We are already in Stage 3: agents.

Software that doesn’t just answer, it acts. It books, files, reconciles, schedules, follows up, retries, escalates. It runs playbooks faster than a team of humans on their best day. I see narrow pilots of Stage 4 beyond that, self-improving and cross-system agents. I don’t want to guess how quickly that eats entire job families.

Here is the uncomfortable truth: you can’t unleash agents without automation underneath. Solid, boring automation. Even big companies in the Philippines haven’t automated many of their processes. That used to be a comfort. We are safe because the plumbing isn’t ready. Not anymore. The plumbing is getting built fast. Once it is in place, agents plug in and scale.

Yes, new jobs will appear. Experts say they concentrate around judgment, integration, and orchestration. But Stage 4 is coming into view: self-improving, cross-system agents. Can we compete with that? Can we keep pace? Can we actually unlearn our current personal programming and relearn new skills fast enough? I’m asking myself the same thing.


I think governments and business leaders are cushioning the blow. Maybe they have to. Maybe they don’t know what else to say. I can already feel it in our pipeline, and we’re not alone. When repeatable, rules-based work dries up, it doesn’t trickle. It drops. Multiply that across BPO, back office, admin, support. Do the math.

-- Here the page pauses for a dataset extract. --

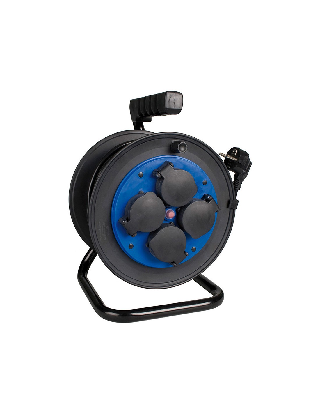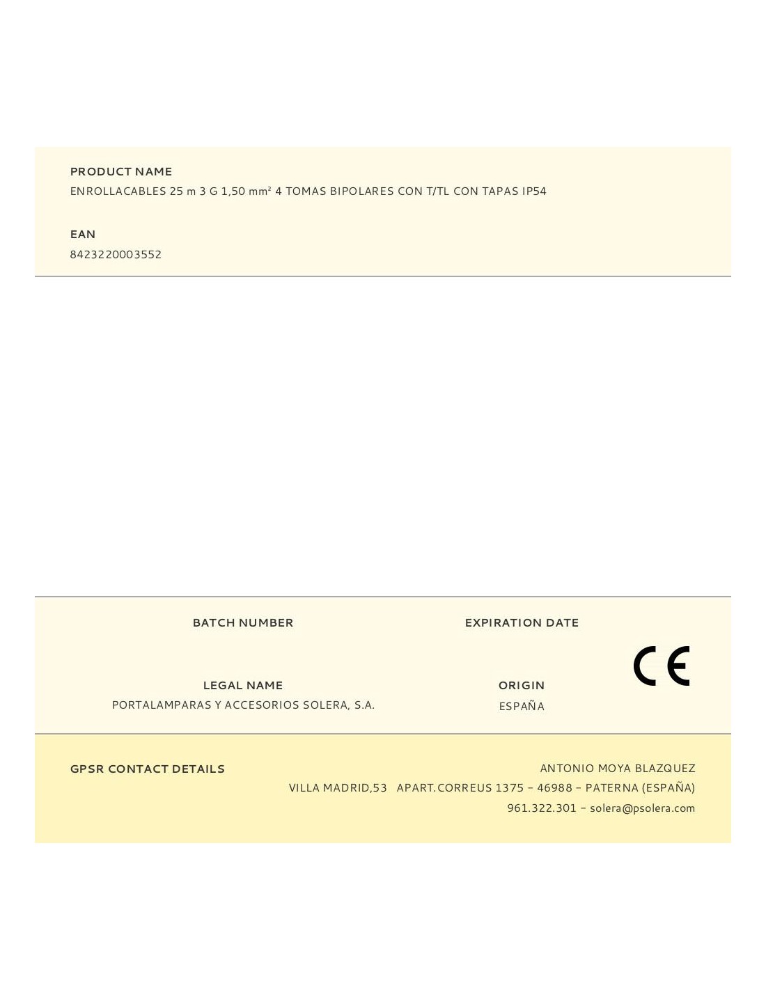 Enrollacable 25m 3x1,5mm con 4 tomas bipolares con t/tl con tapas solera. potencia maxima admisible extendido 3500w, potencia maxima admisible enrollado 1200w. 2p 16 a 250 v. tipo de cable h05vv-f 3x1,5mm. con limitador de potencia. ip54 7425/1t
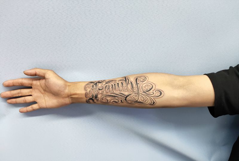 当前位置: 首页 >四川省自贡市纹身店-清晓刺青纹身图案>家庭纹身图片_手臂花体字纹身图案

What then? In countries like the Philippines, where the government officials often look more focused on plunder self-preservation than public protection, who steps in when displacement spikes? If you think this ends with calm press releases, you are not paying attention. Mass job loss doesn’t just hurt wallets. It shifts politics, streets, and social order.


I hope I’m wrong. Truly. But if I’m right, pretending we are still in Stage 1 to 2 is reckless. People should already be building fallbacks: skills and roles closer to judgment, relationships, compliance, messy real-world execution, and the orchestration of automation and agents themselves. Companies should map which processes can be automated now and plan redeployment paths, not memos.

My fearless forecast for the next three (okay, maybe five) years: massive job loss in repeatable roles as automation matures and agents move from pilot to production. The first wave looks like efficiency. The second wave feels like we don’t need as many people. The third wave is social.

I’ll keep hiring where the demand exists. I’ll keep re-skilling my own team. I won’t sugarcoat it. Stage 3 is here, I already see Stage 4 pilots. If you still treat AI like chat, you’re already behind.